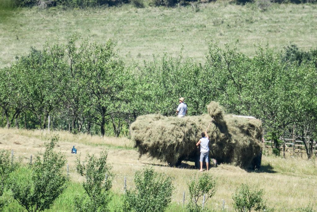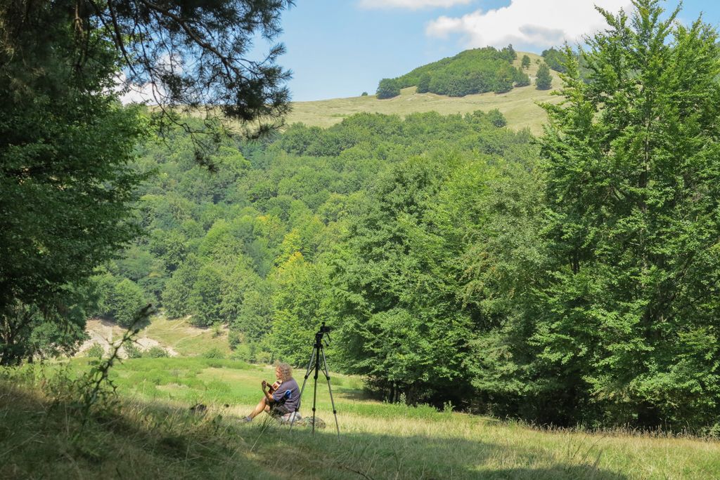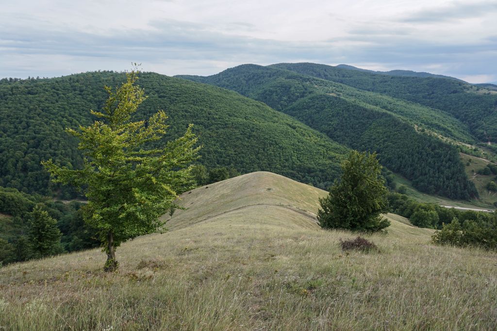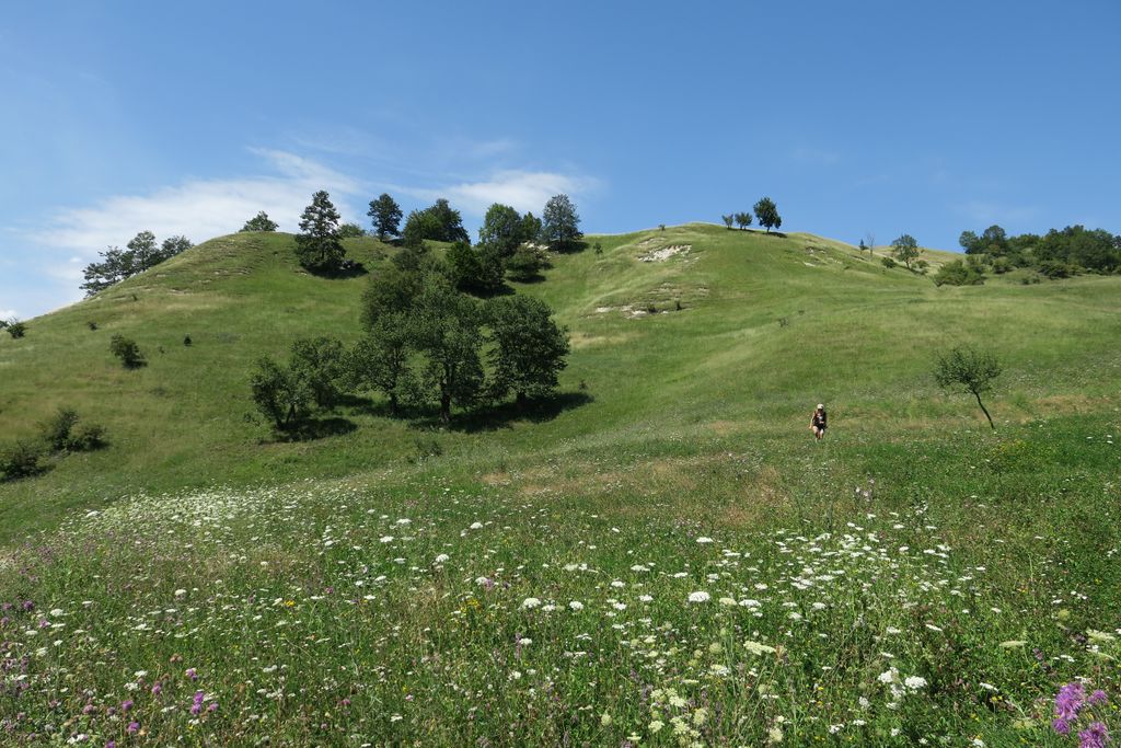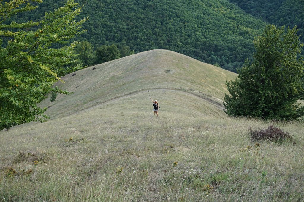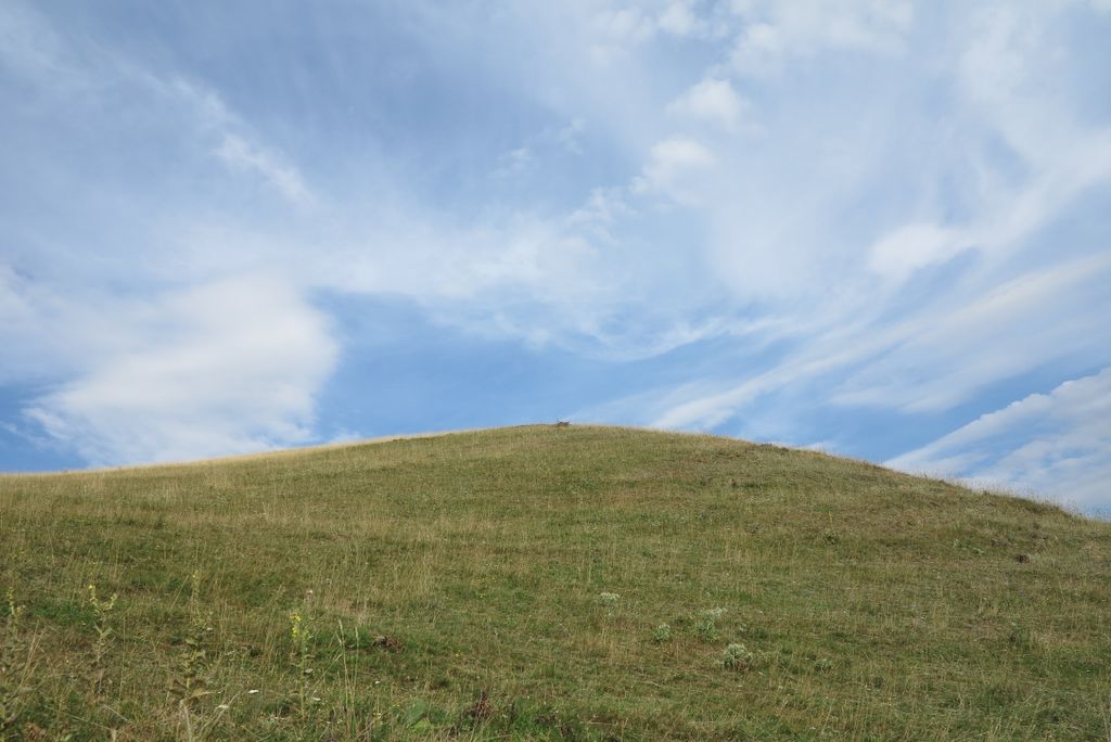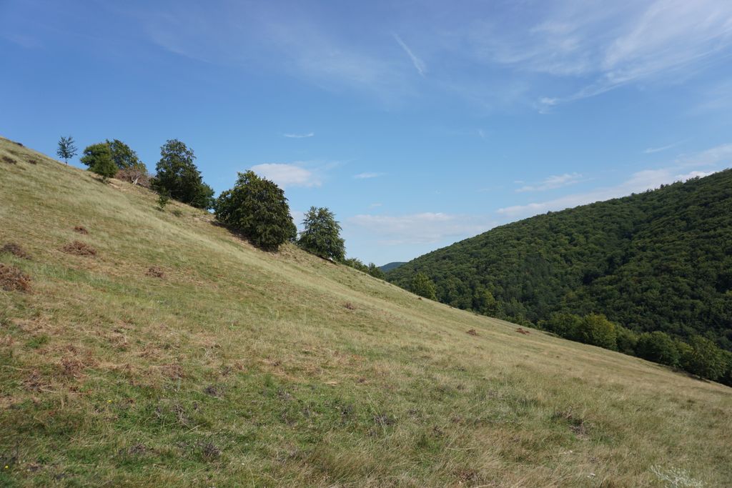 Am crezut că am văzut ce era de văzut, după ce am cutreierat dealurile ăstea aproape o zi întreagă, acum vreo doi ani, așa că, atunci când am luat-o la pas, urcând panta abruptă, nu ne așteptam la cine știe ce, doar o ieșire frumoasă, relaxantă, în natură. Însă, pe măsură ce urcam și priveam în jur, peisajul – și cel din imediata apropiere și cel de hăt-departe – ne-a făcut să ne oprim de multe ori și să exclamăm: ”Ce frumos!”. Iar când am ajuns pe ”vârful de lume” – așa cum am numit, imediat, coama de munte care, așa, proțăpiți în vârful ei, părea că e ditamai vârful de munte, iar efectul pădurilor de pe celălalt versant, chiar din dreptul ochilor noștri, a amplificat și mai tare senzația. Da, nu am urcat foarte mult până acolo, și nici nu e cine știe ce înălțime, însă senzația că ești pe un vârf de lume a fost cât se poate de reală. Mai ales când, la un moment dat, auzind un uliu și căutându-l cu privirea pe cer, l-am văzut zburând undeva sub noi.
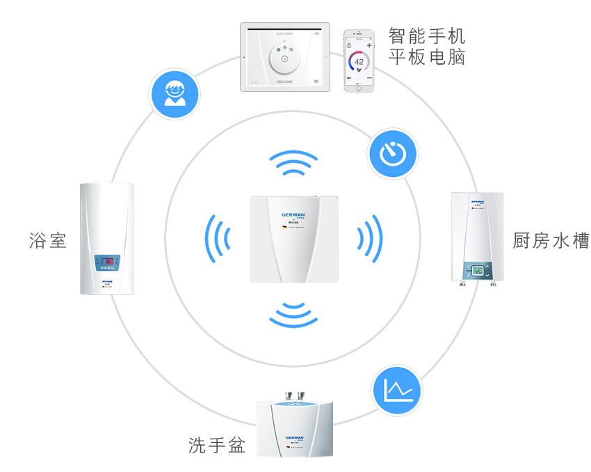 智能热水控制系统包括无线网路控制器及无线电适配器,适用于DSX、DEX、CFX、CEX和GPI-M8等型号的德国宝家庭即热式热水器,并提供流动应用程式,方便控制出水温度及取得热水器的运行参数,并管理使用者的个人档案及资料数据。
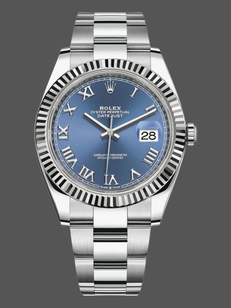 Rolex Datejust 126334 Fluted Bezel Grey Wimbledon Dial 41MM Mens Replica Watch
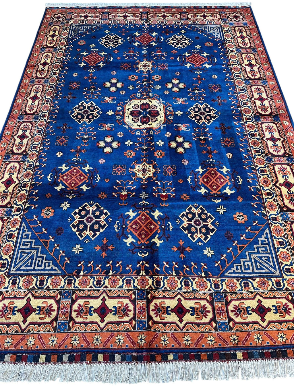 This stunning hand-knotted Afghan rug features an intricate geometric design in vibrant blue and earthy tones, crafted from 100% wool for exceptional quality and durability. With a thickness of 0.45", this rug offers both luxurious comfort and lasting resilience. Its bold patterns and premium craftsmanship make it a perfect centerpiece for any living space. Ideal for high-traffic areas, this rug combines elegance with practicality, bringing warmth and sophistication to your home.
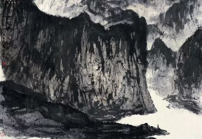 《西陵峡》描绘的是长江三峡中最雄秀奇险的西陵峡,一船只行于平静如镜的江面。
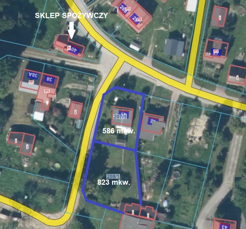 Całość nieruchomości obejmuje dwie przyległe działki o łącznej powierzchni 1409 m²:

________________

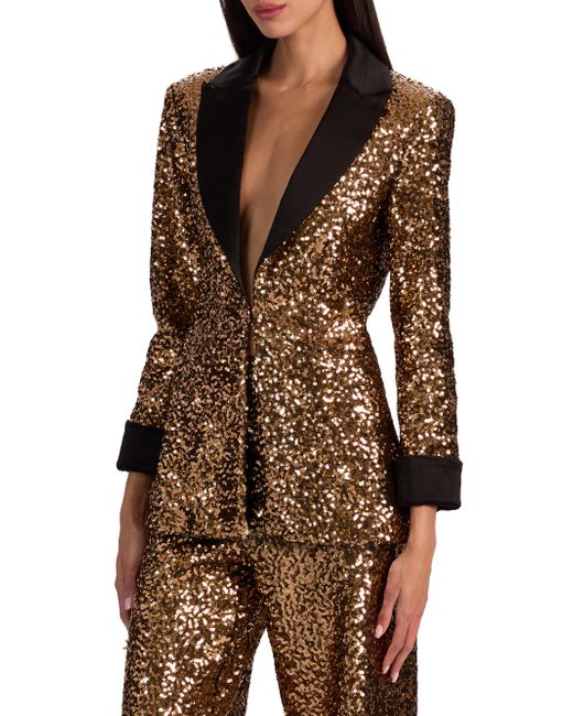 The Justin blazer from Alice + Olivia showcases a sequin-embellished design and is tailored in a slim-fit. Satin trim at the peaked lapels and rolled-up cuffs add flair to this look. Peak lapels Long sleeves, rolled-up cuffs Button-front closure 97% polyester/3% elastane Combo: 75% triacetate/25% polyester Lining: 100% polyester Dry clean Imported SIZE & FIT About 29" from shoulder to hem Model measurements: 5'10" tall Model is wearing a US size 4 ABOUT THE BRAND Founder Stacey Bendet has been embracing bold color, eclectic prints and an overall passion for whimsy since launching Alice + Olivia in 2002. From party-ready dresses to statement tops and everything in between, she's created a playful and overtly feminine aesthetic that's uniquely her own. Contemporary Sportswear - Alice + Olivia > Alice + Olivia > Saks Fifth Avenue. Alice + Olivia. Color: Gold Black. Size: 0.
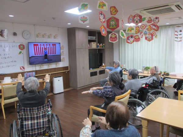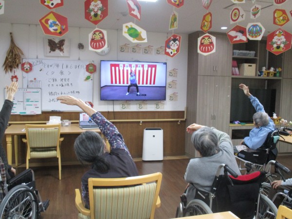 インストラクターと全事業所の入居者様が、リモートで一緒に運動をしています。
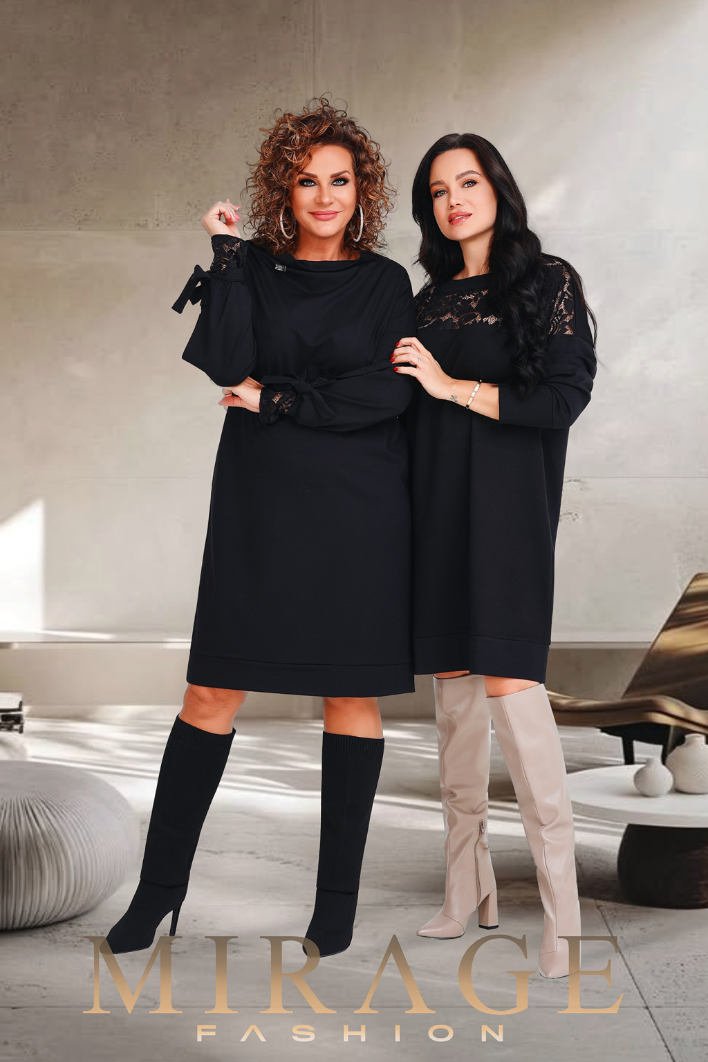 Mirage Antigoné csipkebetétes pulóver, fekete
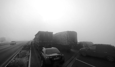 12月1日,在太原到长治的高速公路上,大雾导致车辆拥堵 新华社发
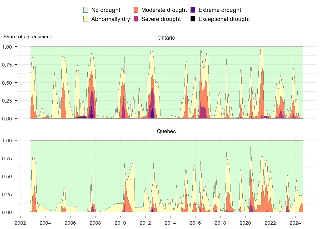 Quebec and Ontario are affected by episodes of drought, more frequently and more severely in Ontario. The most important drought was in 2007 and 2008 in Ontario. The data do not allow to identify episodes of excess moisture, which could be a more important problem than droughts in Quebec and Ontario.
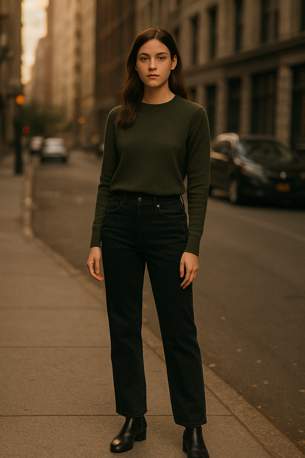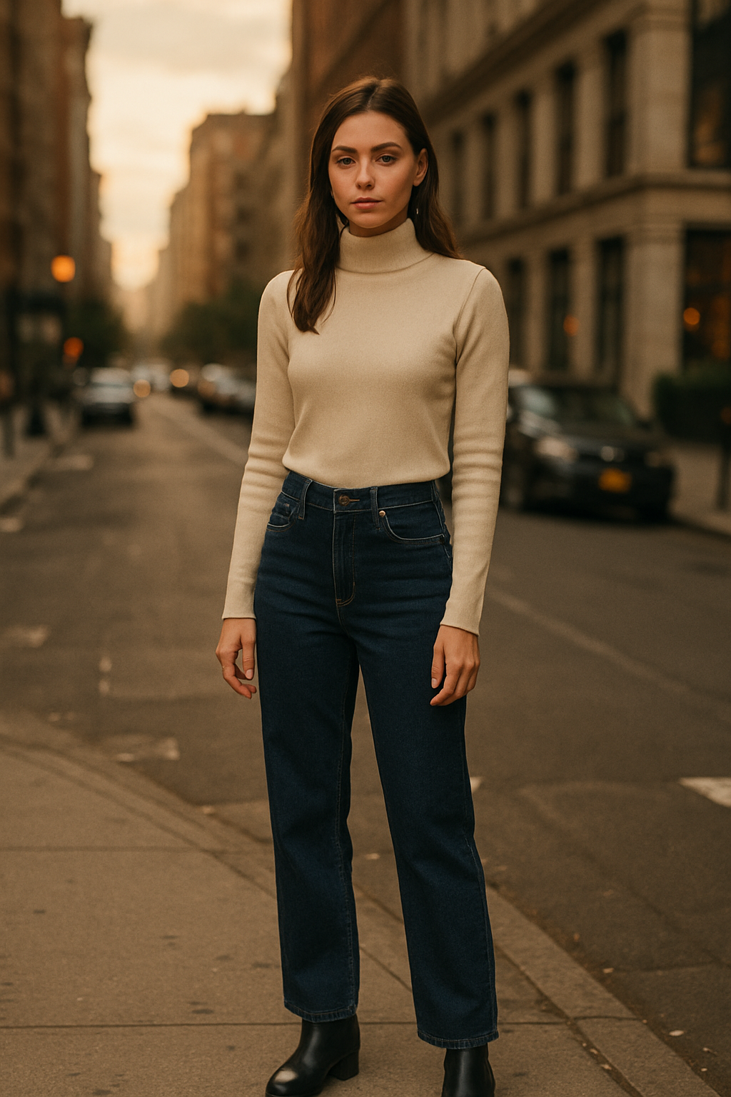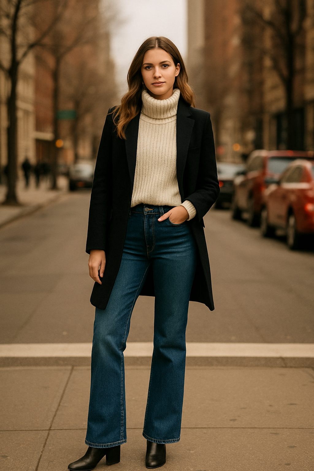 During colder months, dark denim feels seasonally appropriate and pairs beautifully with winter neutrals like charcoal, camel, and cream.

________________

EXERCISE — What's needed is an exact copy of the records above from the line containing "智能热水控制系统包括无线网路" down to the line containing "Rolex Datejust 126334", both included, without any pictures.

PROBLEM SOLUTION —
 智能热水控制系统包括无线网路控制器及无线电适配器,适用于DSX、DEX、CFX、CEX和GPI-M8等型号的德国宝家庭即热式热水器,并提供流动应用程式,方便控制出水温度及取得热水器的运行参数,并管理使用者的个人档案及资料数据。
 Rolex Datejust 126334 Fluted Bezel Grey Wimbledon Dial 41MM Mens Replica Watch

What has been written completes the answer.